> _Dataset excerpts_
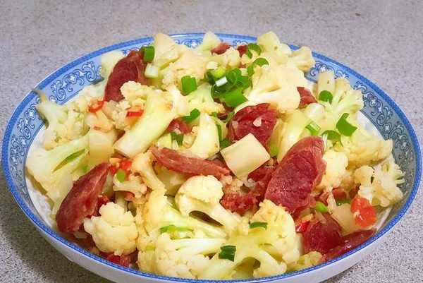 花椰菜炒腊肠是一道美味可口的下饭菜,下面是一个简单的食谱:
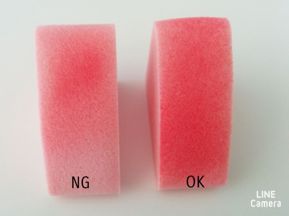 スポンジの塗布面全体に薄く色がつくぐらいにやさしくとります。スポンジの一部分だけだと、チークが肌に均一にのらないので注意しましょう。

---

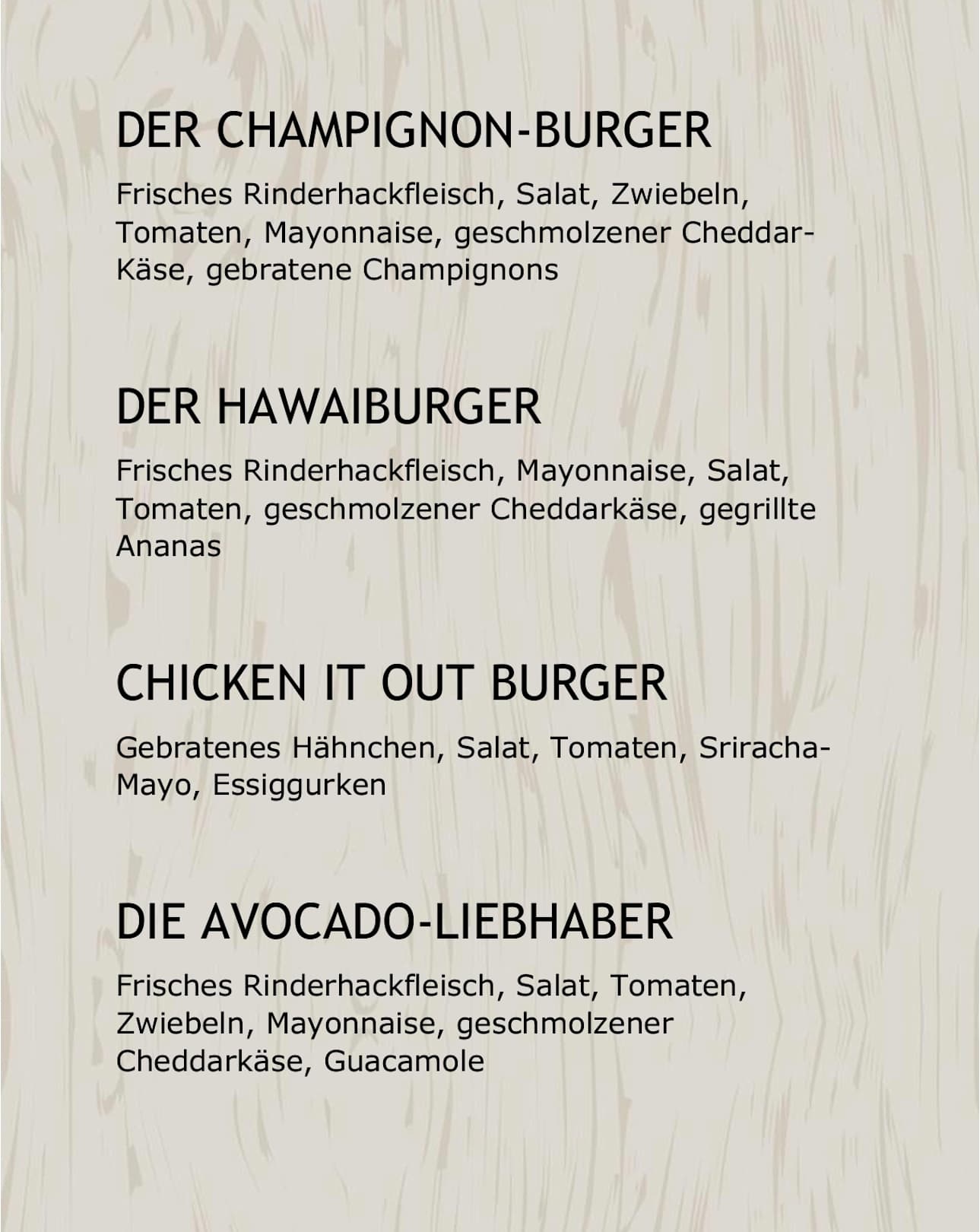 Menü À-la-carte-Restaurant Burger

---

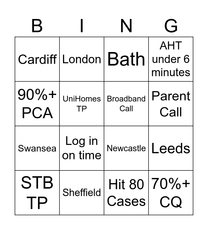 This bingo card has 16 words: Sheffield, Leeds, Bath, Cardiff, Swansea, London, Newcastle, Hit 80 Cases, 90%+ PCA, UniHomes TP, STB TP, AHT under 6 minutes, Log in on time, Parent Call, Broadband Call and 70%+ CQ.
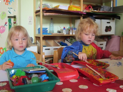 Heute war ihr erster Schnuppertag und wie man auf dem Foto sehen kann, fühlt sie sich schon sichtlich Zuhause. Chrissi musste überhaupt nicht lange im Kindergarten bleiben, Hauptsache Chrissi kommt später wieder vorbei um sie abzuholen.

> _Problem_
Starting at the line with "This bingo card" and finishing at the line with "Heute war ihr", copy the material above exactly, both lines included. Nothing else goes in, and no pictures.

> _Your solution_
 This bingo card has 16 words: Sheffield, Leeds, Bath, Cardiff, Swansea, London, Newcastle, Hit 80 Cases, 90%+ PCA, UniHomes TP, STB TP, AHT under 6 minutes, Log in on time, Parent Call, Broadband Call and 70%+ CQ.
 Heute war ihr erster Schnuppertag und wie man auf dem Foto sehen kann, fühlt sie sich schon sichtlich Zuhause. Chrissi musste überhaupt nicht lange im Kindergarten bleiben, Hauptsache Chrissi kommt später wieder vorbei um sie abzuholen.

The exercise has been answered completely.